Yes the mix of "information" on call type and species are in the same 
field.? It will be a single mouse click to export only the "buzz" data 
from the master DB as a separate CSV file from the species data. So this 
could be a new DF/data set for R.
This is due to the legacy issues of how the acoustic data are added to 
the metadata of the bat call recordings.
Combining date and times does not provide for sampling nights that roll 
over after midnight.

I may need to reread Hadley's Tidy Data manifesto re: data handling ;-).

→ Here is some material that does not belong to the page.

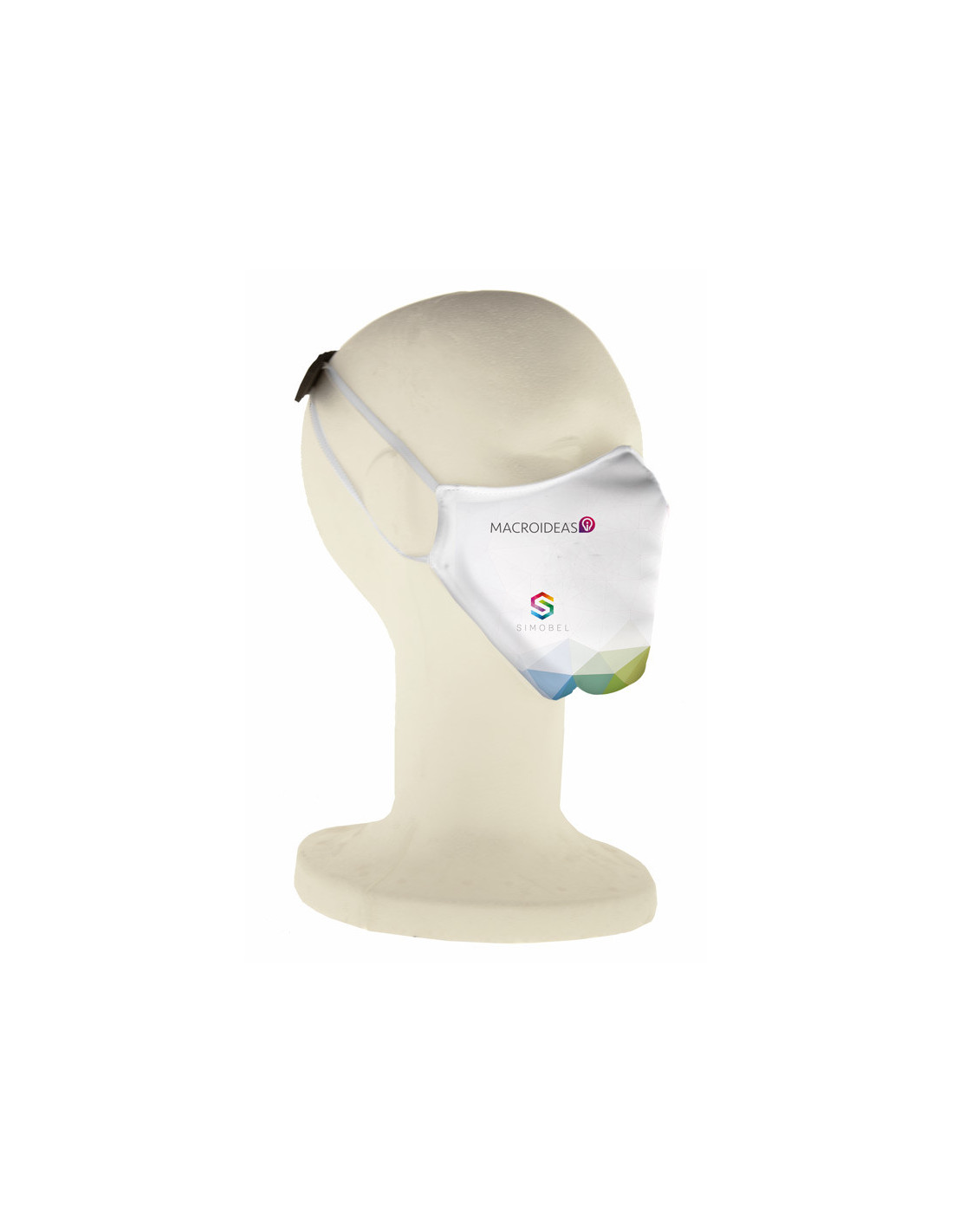 Mascarilla personalizada de tela que consta de dos capas hidrófugas y antibacterianas, y sujeción en las orejas mediante goma elástica. Podemos personalizar y diseñar la mascarilla a tu gusto, a todo color, con texto, imagen o un logo... ¡Cuéntanos tu idea y la haremos realidad!

The location, date and time does provide unique variables.
Duplicate times mentioned are the "duplicated" values you noted. This 
happens as the actual call files include seconds for a more precise time 
when the recordings were made.? Rounding to nearest minute suffices for 
a summary of total minutes spent? with "feeding attempts" vs total 
active time.

The data being gathered is reviewed in a purpose build bat acoustic 
software program when reviewing bat call files.? The metadata include 
the "Who", "Where" & "When" recorded. What is added to this as the 
acoustic files are reviewed are information on call types and species IDs.

This metadata is exported as a TXT file and imported into a master 
Access DB I developed over the past 15 years to manage "BIG DATA" as 
they say.? As a note I currently it have >1.9 million acoustic call 
records store in the relational DB.

The data output/exported from the DB is sufficient to provide wonderful 
temporal activity plots using GGplot2.? Original code for this was 
developed with huge assistance from Hadley eons ago and updated to more 
recent R releases and packages by a few others.

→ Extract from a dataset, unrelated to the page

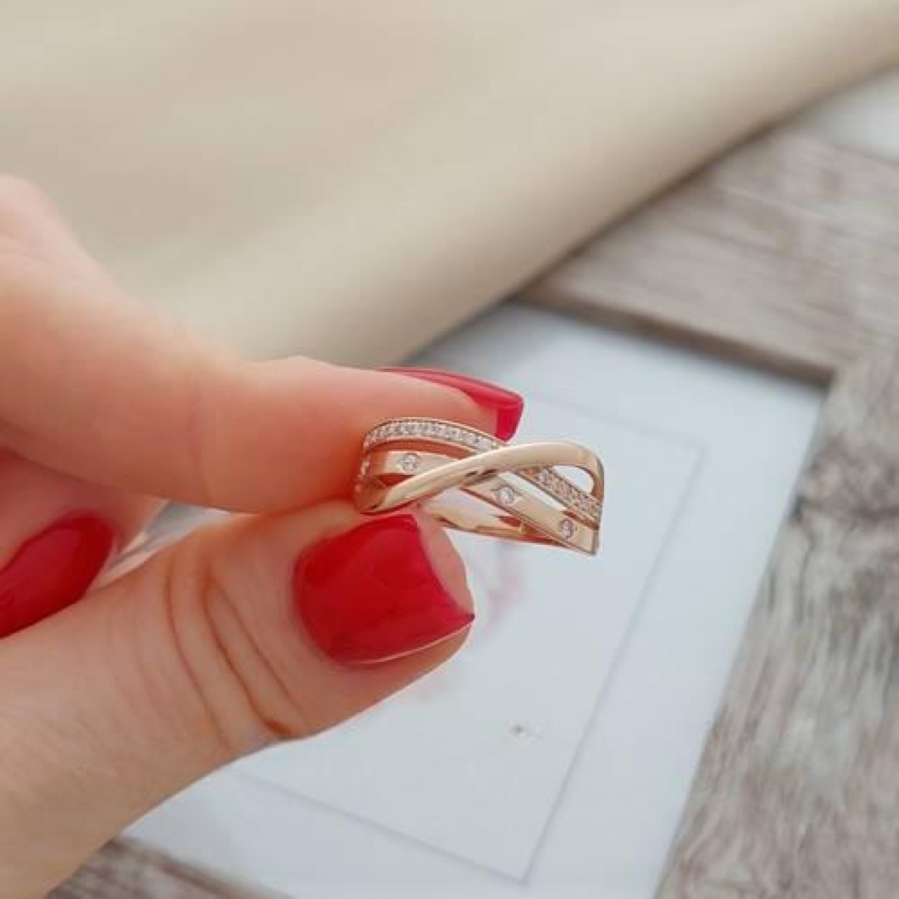Золота каблучка з фіанітами 1-2438ф-П-11 обов'язково стане чудовим доповненням до вашого образу. Ця каблучка привертає погляд своїм оригінальним дизайном: три золоті смужки переплітаються, створюючи витончений і вишуканий образ. Одна зі смужок гладенька, надаючи каблучці вишуканого мінімалізму, тоді як дві інші прикрашені білими круглими фіанітами, що додають блиску та вишуканості. Камінчики красиво блищать, граючи на світлі, надаючи вашому вигляду особливої вишуканості. Каблучка із золота 1-2438ф-П-11 буде ідеальним аксесуаром як для повсякденного використання, так і для особливих моментів та урочистих подій. Він чудово впишеться у ваш образ, підкреслить вашу неповторність і стиль. Золота каблучка має такі розміри: 15, 15,5, 16, 16,5, 17, 17,5, 18, 18,5, 19, 19,5, 20, 20,5, 21. Доглядати за каблучкою із золота дуже просто, достатньо періодично протирати її шматочком фланелі або мікрофібри.

The graphics are great to visualize temporal activity but do not provide 
a simple summary of amount of time spent "foraging AKA feeding buzz 
data" vs total activity time for each species.

Perhaps this is /was not a simple question on how to summarize time data 
to derive a % of each category, be it "buzz" or species.

Tnx again,
Bruce

  
    
#
I will not get into your explanation of details that, like John, I find
opaque. Please DO read Hadley's manifesto, as it appears that you need to
organize your data more appropriately.

AFAICS, however, strictly speaking your data cannot answer the question you
have posed. **Strictly speaking** to know the proportion of active time
bats spend feeding, **for each bat** you would need to know when it is
active and when it is feeding during that time. You could then summarize
this for all bats (e.g. take the average or median proportion) in a species
or whatever. As you cannot identify individual bats in your data, you
cannot do this -- i.e. you cannot answer your question.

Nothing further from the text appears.